**PROBLEM DESCRIPTION**
Only one stretch of the data should be retyped: the lines from the line containing "A restrained colour" through the line containing "Res Carbon Film". Keep pictures out of it.
#### ENTRIES SHOWN
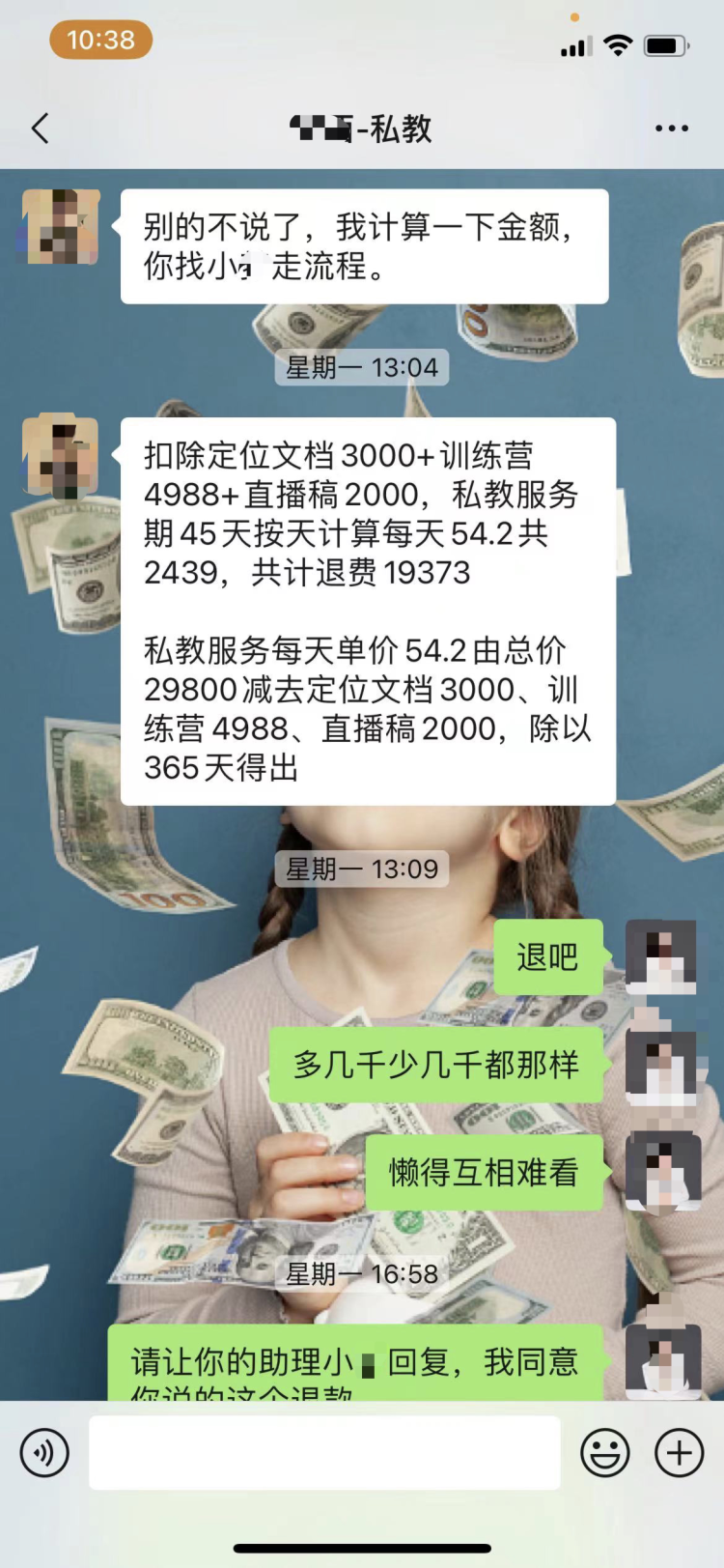 5xx9说,目前“MM妈妈”训练营几千个人的交付,每天都是正常进行的。不认可的就签署了退费流程,正常退费,十一月都会退款到位的。不能正常上课、被踢出来的人,一共大概11个人。暂停这几个人的退费,运营说有两个考虑,一方面是已经起诉了带头的吴X等人,因为名誉侵权等确实给老师和他们公司带来的巨大负面影响,一方面是之前和他们闹的人也是正常退费,但这些人拿到退款后,就跟其他人说,只要骂老师就可以退款,导致骂老师成风,也无法退款。
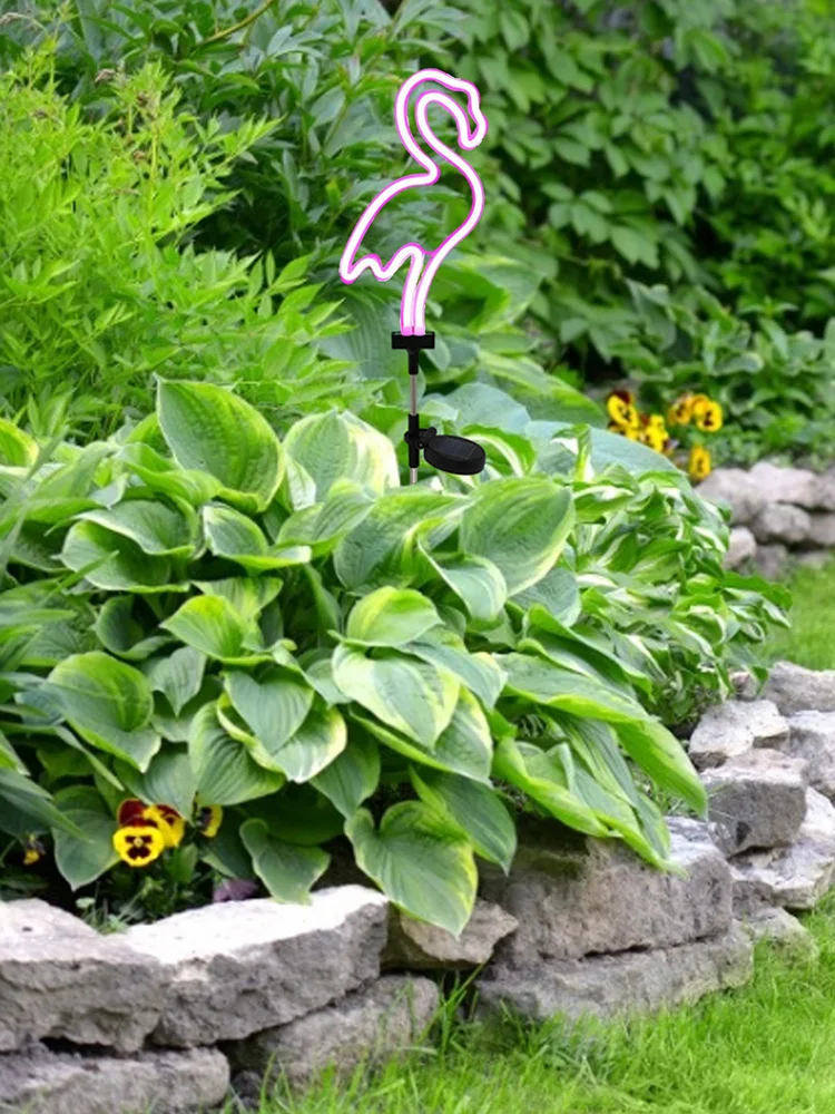 Уличная лампа на солнечной батарее, водонепроницаемый неоновый садовый светильник с высокой имитацией фламинго, декоративная лампа для газона
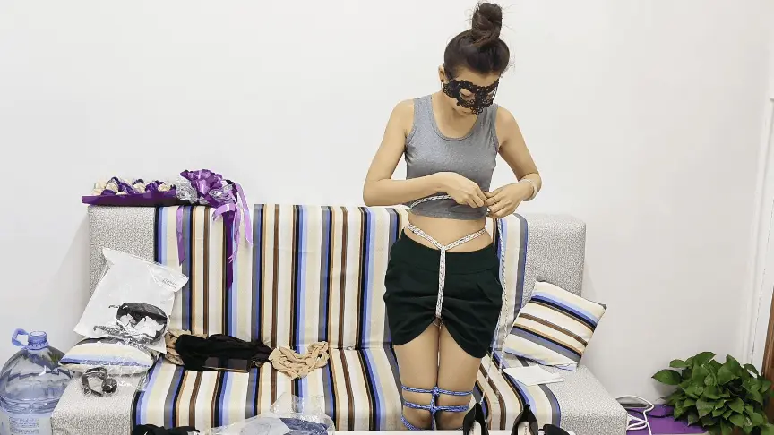 周末诺米一人在家,突然想玩一下自缚,自己找出绳子和丝袜慢慢捆绑好,然后拿出震动棒按摩敏感地带,下面渐渐地湿了。就在她即将高潮的时候,蒙面人闯进了她家了,将她一遍又一遍捂晕然后抚摸她的全身,她每次晕倒前都会翻白眼。等坏人离开后,她迅速挣脱开来然后成功逃脱了。
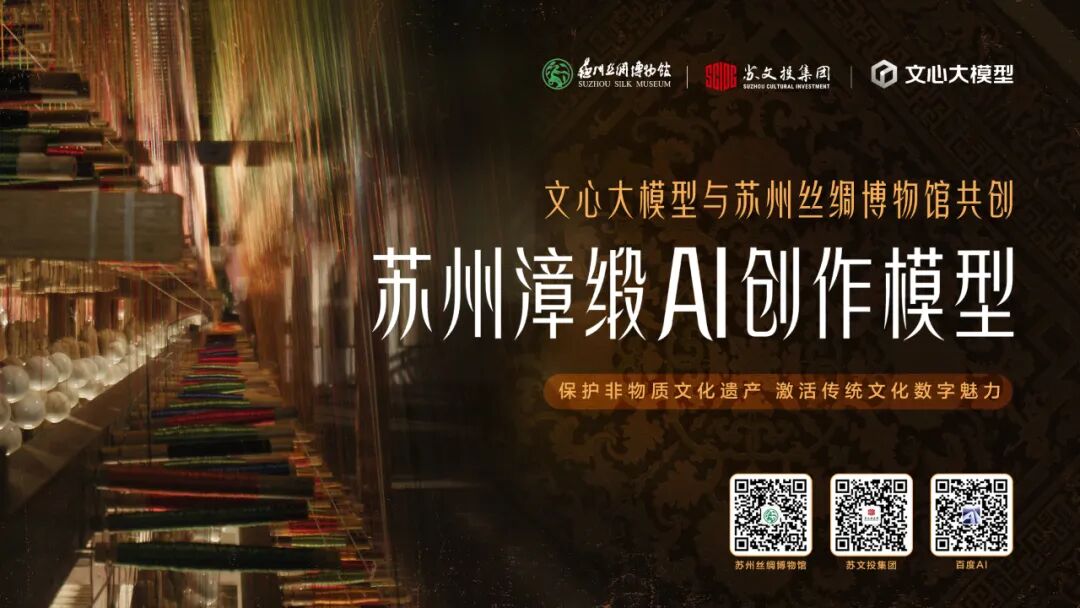 大会期间,百度文心大模型与苏州丝绸博物馆、苏州文化投资发展集团宣布共创“苏州漳缎AI创作模型”,用AI技术助力守护与传承省级非物质文化遗产“苏州漳缎织造技艺”。
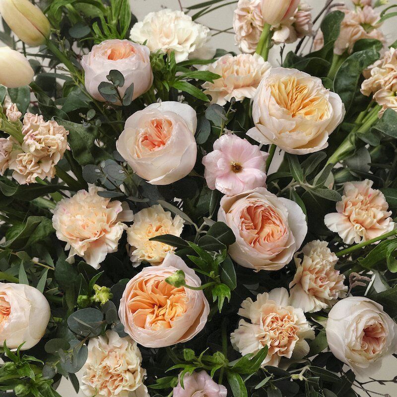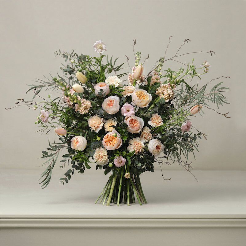 A restrained colour palette of soft peach expressed in the generous, rounded forms of garden roses, textured carnations and elongated French tulips makes this luxurious Paul Thomas bouquet a masterclass in subtle beauty.
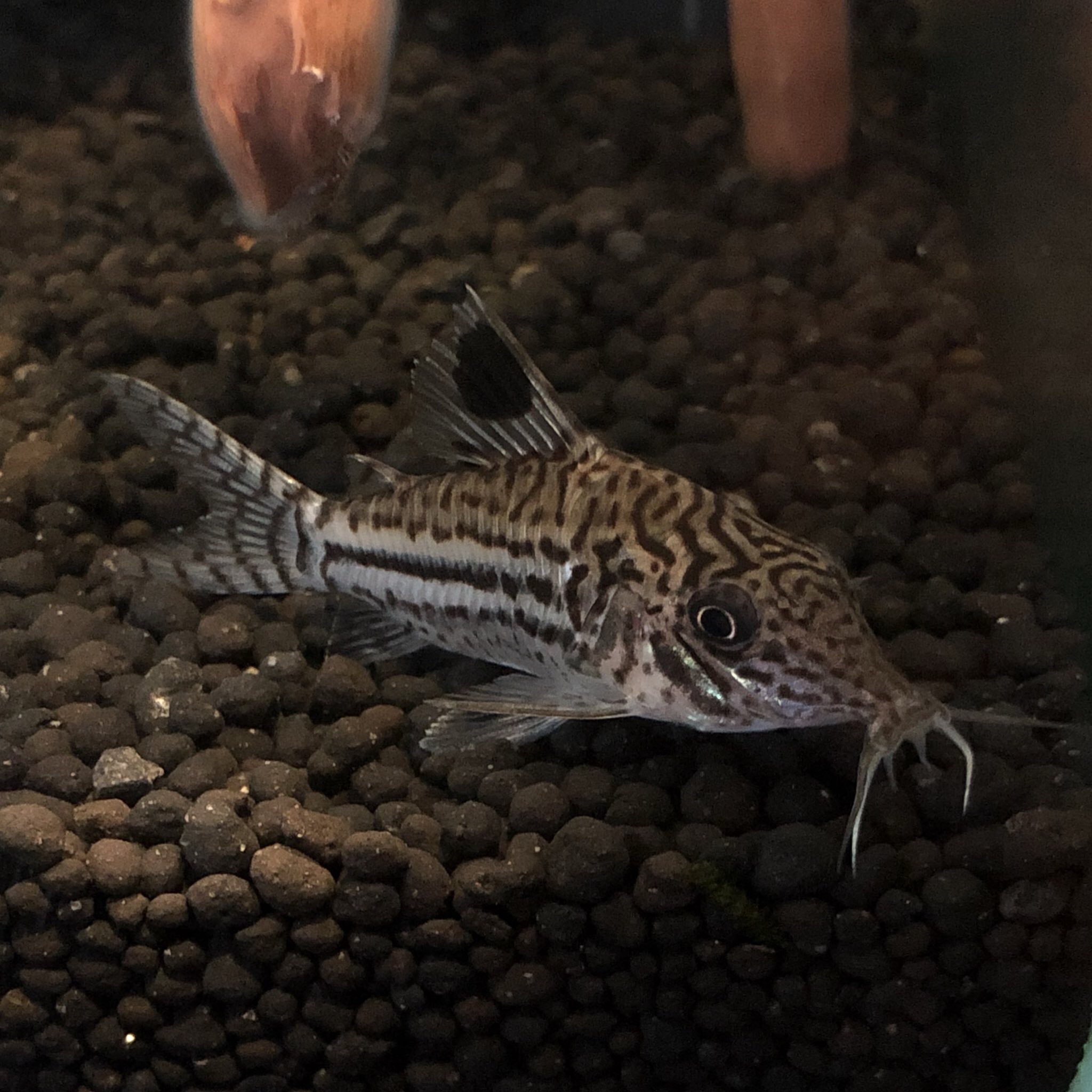 胡椒模様と、背ビレの黒いスポット模様など、幼魚の頃はコリドラス・トリリネアートゥスやコリドラス・ジュリィーと似た雰囲気を持っている。
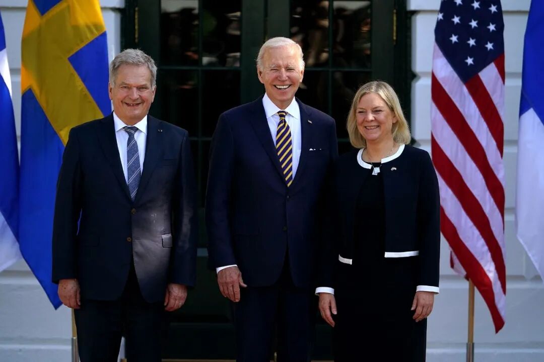 美国总统拜登于当地时间5月19日(周四)欢迎芬兰总统Sauli Niinistö和瑞典首相Magdalena Andersson来到白宫,此前这两个北欧国家的领导人都提交了加入北约NATO的申请。
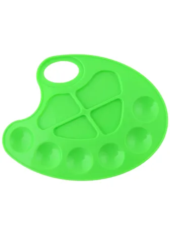 Купила дочери эту палетку для того, чтобы она могла рисовать не только цветами, которые у неё есть, но и создавать совершенно новые оттенки. Оказалось, что я промахнулась с цветом, лучше конечно же брать подобную палетку белого цвета, ведь на белом цвете все смотрится именно так, как будет выглядеть на листке бумаги, а на зелёном цвете цвет немного, но все же искажается. По размеру и количеству отсеков эта палитра то, что нужно. Поэтому если у вас есть возможность пробовать получившиеся цвета на отдельном листке, то эта палетка вам подойдёт
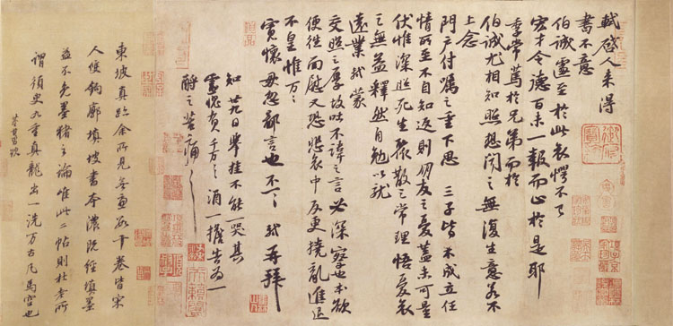 展出苏轼主题文物展品332件/套,其中有5件是来自故宫博物院的“国宝级”文物,分别为苏轼真迹《新岁展庆帖 人来得书帖》合卷和《题王诜诗词帖》,同时还有黄庭坚、米芾、蔡襄书法真迹展出。
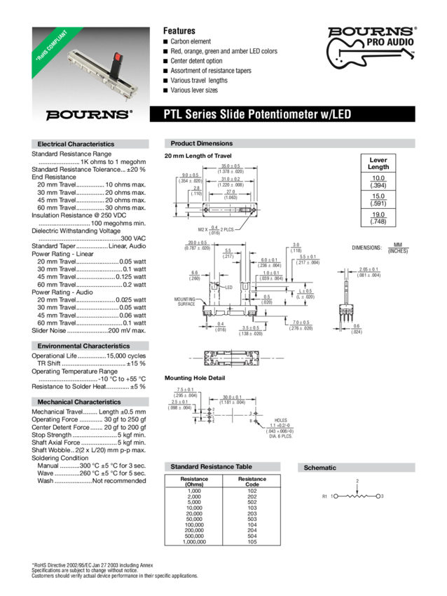 Res Carbon Film POT 20K Ohm 10% 1/20W 1(Elec)/1(Mech)Turns 6mm (28.4 X 9.5 X 11.3mm) Pin Panel Mount/Thru-Hole
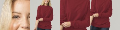 8 oz., stretch & sueded triblend terry; 51% rayon, 43% polyester, 6% elastine; 4-way stretch fabric with striped loop back yarns; Set-in sleeves & hand pockets; Self fabric collar, waist & cuffs;
########
**EXPECTED OUTPUT**
 A restrained colour palette of soft peach expressed in the generous, rounded forms of garden roses, textured carnations and elongated French tulips makes this luxurious Paul Thomas bouquet a masterclass in subtle beauty.
 胡椒模様と、背ビレの黒いスポット模様など、幼魚の頃はコリドラス・トリリネアートゥスやコリドラス・ジュリィーと似た雰囲気を持っている。
 美国总统拜登于当地时间5月19日(周四)欢迎芬兰总统Sauli Niinistö和瑞典首相Magdalena Andersson来到白宫,此前这两个北欧国家的领导人都提交了加入北约NATO的申请。
 Купила дочери эту палетку для того, чтобы она могла рисовать не только цветами, которые у неё есть, но и создавать совершенно новые оттенки. Оказалось, что я промахнулась с цветом, лучше конечно же брать подобную палетку белого цвета, ведь на белом цвете все смотрится именно так, как будет выглядеть на листке бумаги, а на зелёном цвете цвет немного, но все же искажается. По размеру и количеству отсеков эта палитра то, что нужно. Поэтому если у вас есть возможность пробовать получившиеся цвета на отдельном листке, то эта палетка вам подойдёт
 展出苏轼主题文物展品332件/套,其中有5件是来自故宫博物院的“国宝级”文物,分别为苏轼真迹《新岁展庆帖 人来得书帖》合卷和《题王诜诗词帖》,同时还有黄庭坚、米芾、蔡襄书法真迹展出。
 Res Carbon Film POT 20K Ohm 10% 1/20W 1(Elec)/1(Mech)Turns 6mm (28.4 X 9.5 X 11.3mm) Pin Panel Mount/Thru-Hole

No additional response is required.